Meghan Markle has released the third episode of her brand new podcast Confessions of a Female Founder and it sees her in conversation with celebrity hair colourist Kadi Lee, the co-founder of the Highbrow Hippie salon and haircare brand

Meghan Markle has spoken out on why she decided to change the name of her lifestyle brand, saying the old name became ‘word salad’. In the latest episode of her new podcast Confessions of a Female Founder, the Duchess of Sussex chats to celebrity hair colourist Kadi Lee, who is also a good friend of Meghan’s.

Kadi has co-founded the salon and haircare brand Highbrow Hippie – and the pair chatted about picking an all important name for a business. Over a year ago, Meghan originally introduced her lifestyle brand with the name American Riviera Orchard, launching both a website and an Instagram account for it. However, earlier this year, she made a dramatic U-turn and announced the brand would now be called As Ever.

Meghan had faced setbacks trying to trademark the American Riviera Orchard name. However, in the latest podcast she tells Kadi that she “didn’t love” the previous name when it became “word salad”.

She explained: “I had secured As Ever as a name in 2022, and then as everything started to evolve last year, and bringing in a partner the size that it was, it was just so interesting. You remember, I said, ‘I like American Riviera as an umbrella,’ and then be able to have verticals beneath it.

“And maybe have the ‘Orchard’ really small. But when that’s not feasible, suddenly it became this word salad. I didn’t love that so much. “I was like, ‘OK, let’s go back to the thing that I’ve always loved. Let’s use the name that I protected for a reason that had sort of been under wraps’.

“And then we were able to focus in the quiet and put our heads down and build on something that no one was sniffing around to even see about. It was really just helpful to have that quiet period.”

Meghan revealed the change to her business name earlier this year in an Instagram video: “Last year, I had thought ‘You know what, American Riviera, that sounds like such a great name, it’s my neighbourhood, it’s a nickname for Santa Barbara’, but it limited me to things that were just manufactured and grown in this area. Then Netflix came on, not just as my partner in the show, but as my partner in my business, which was huge.”

Elsewhere in the episode, Meghan also described how she first met her pal Kadi, who has coloured the hair of the likes of Julia Roberts, five years ago after she suffered a disaster using a shop bought box hair dye. She revealed she had just moved to California during the pandemic and had been attempting to colour her hair at home – but she did not get the result she desired.
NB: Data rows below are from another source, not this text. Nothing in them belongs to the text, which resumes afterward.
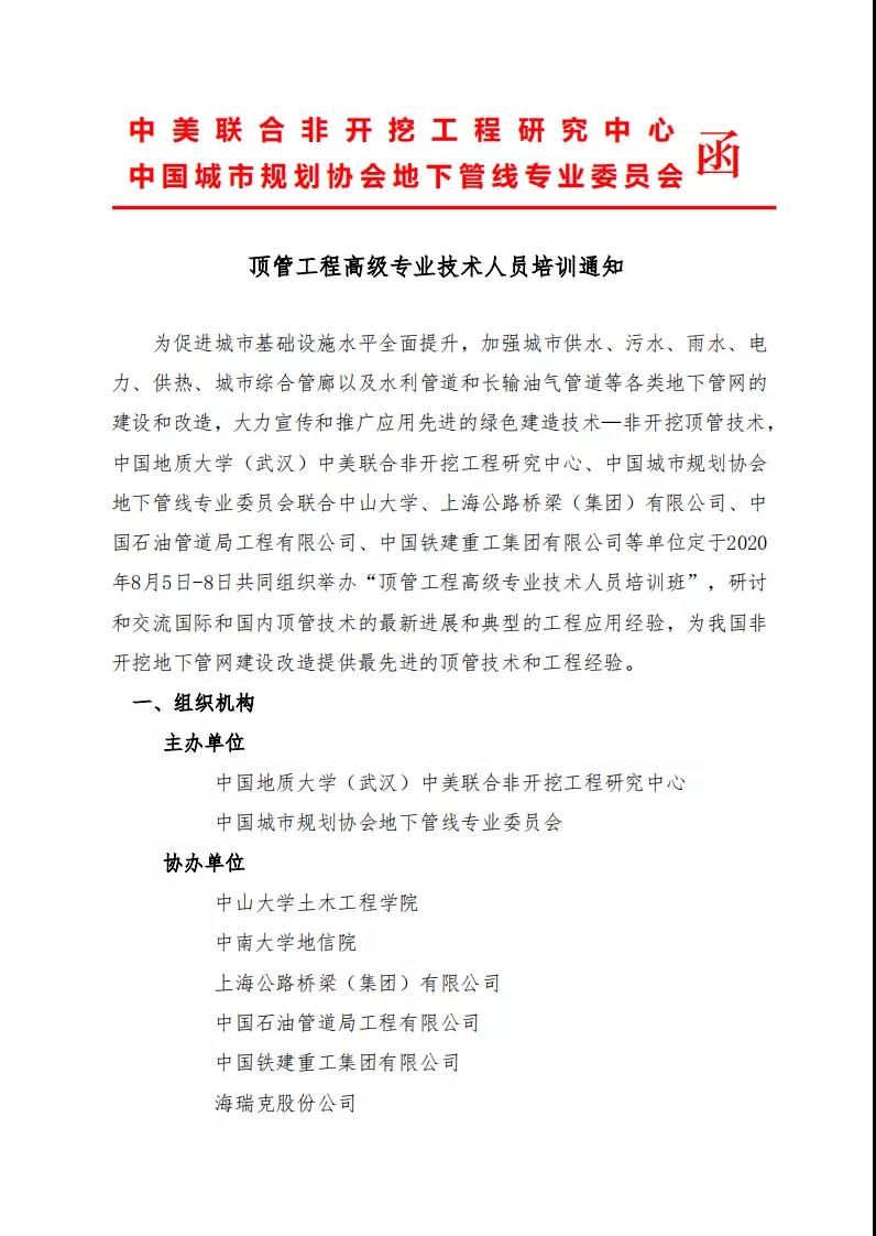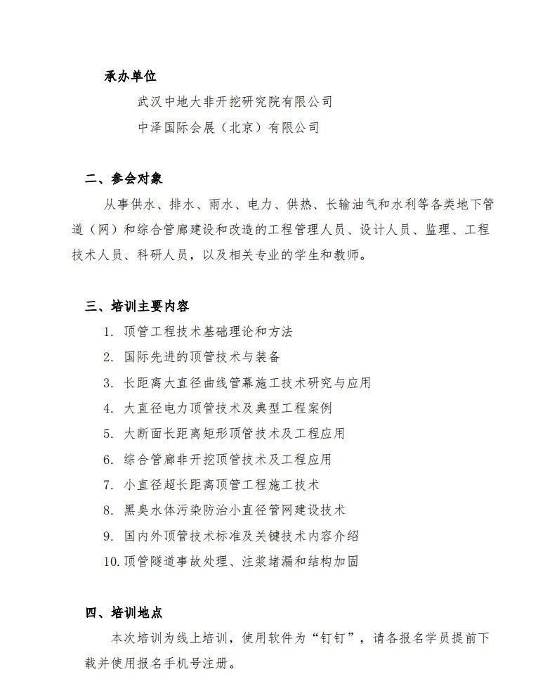 【會議通知】頂管工程高級專業技術人員培訓通知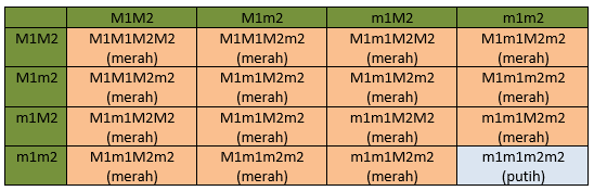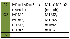Disilangkan gandum berbiji merah (M1M1M2M2) dengan gandum berbiji putih (m1m1m2m2), dihasilkan F1 semua gandum berbiji merah. Apabila F1 disilangkan dengan sesamanya, maka rasio fenotif F2 adalah....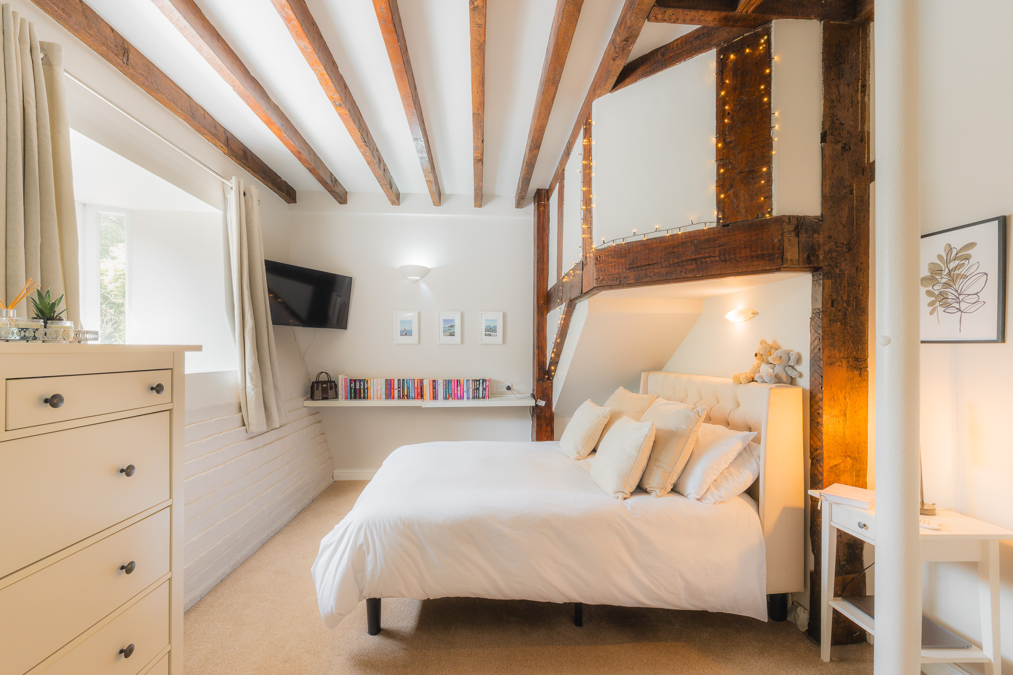 Emanating warmth and welcome, the recently installed Swedish Hwam wood burner is automated to regulate its own burn rate, gently heating the room on winter evenings.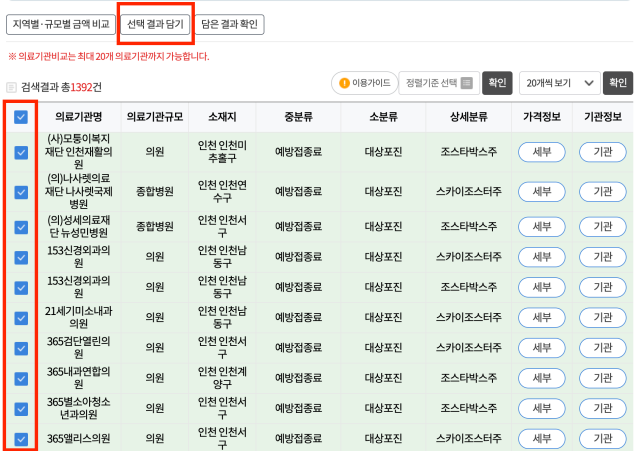 이때, 비교해 보고 싶은 병원을 전부 선택해 주신 후 선택 결과 담기 > 담은 결과 확인 눌러주시면 선택한 병원을 전부 비교해서 볼 수 있습니다.(20개까지 선택 가능)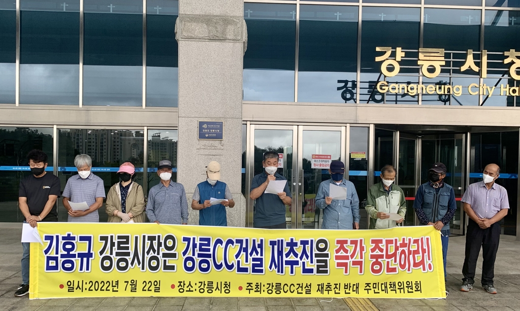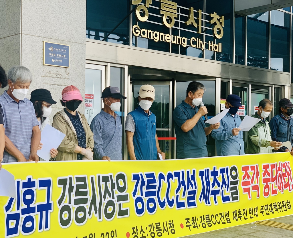 대책위는 이날 강릉시청 앞에서 기자회견을 하고 "최근 구정면에는 정체를 알 수 없는 '구정면 골프장 유치 건의 주민 서명부'가 돌기 시작했다"며 "이러한 행위는 강릉시 행정의 조직적 개입 없이는 진행될 수 없다"고 주장했다. 강릉시 구정면 일원에 66만㎡ 규모로 진행하던 강릉CC는 2007년 시작 단계부터 주민과 시민의 반대에 부딪혀 오랜 갈등을 겪은 후 골프장이 아닌 대안 사업을 추진하기로 합의하면서 2012년 8월 일단락됐다.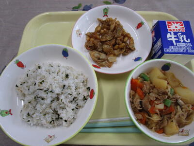 牛乳 ★わかめご飯 肉じゃが ★ビーンズごぼう

She confessed: “I texted Serge [the hairdresser who styled Meghan’s hair on her wedding day] and he said you need to see Kadi – and you came over.”

Meghan has already released two previous episodes of her new eight-part podcast with Lemonada Media, which promises “girl talk” and advice on how to create “billion-dollar businesses”. It follows the duchess’s much-criticised Netflix lifestyle series With Love, Meghan and her new brand As Ever, which sold out of its first batch of raspberry spread, flower sprinkles and herbal tea.

In th first episode, she chatted to Whitney Wolfe Herd, the founder of the dating app Bumble. During the chat, Meghan talked about her experiences of being a mum and revealed she suffered from a ‘huge medical scare’ after giving birth. She explained: “We both had very similar experiences — though we didn’t know each other at the time — with postpartum, and we both had preeclampsia. Postpartum preeclampsia. It’s so rare and so scary.

Meghan added: “And you’re still trying to juggle all of these things, and the world doesn’t know what’s happening quietly. And in the quiet, you’re still trying to show up for people – mostly for your children — but those things are huge medical scares.” Whitney replied: “I mean life or death, truly.” Postpartum preeclampsia is a rare condition that causes high blood pressure after birth.

Meanwhile, last week, Meghan spoke to Reshma Saujani, founder of the not-for-profit Girls Who Code, where she touched on her experience of miscarriage and having to “let something go that you plan to love for a long time”. Meghan had a miscarriage in July 2020, when her eldest child Archie was one, revealing her heartbreak in an article for The New York Times later that year.

The duchess told Ms Saujani, who faced a series of miscarriages due to an autoimmune disease: “The miscarriages that you’ve experienced. I’ve spoken about the miscarriage that we experienced. And I think, in some parallel way, when you have to learn to detach from the thing that you have so much promise and hope for, and to be able to be OK at a certain point to let something go, something go that you plan to love for a long time.”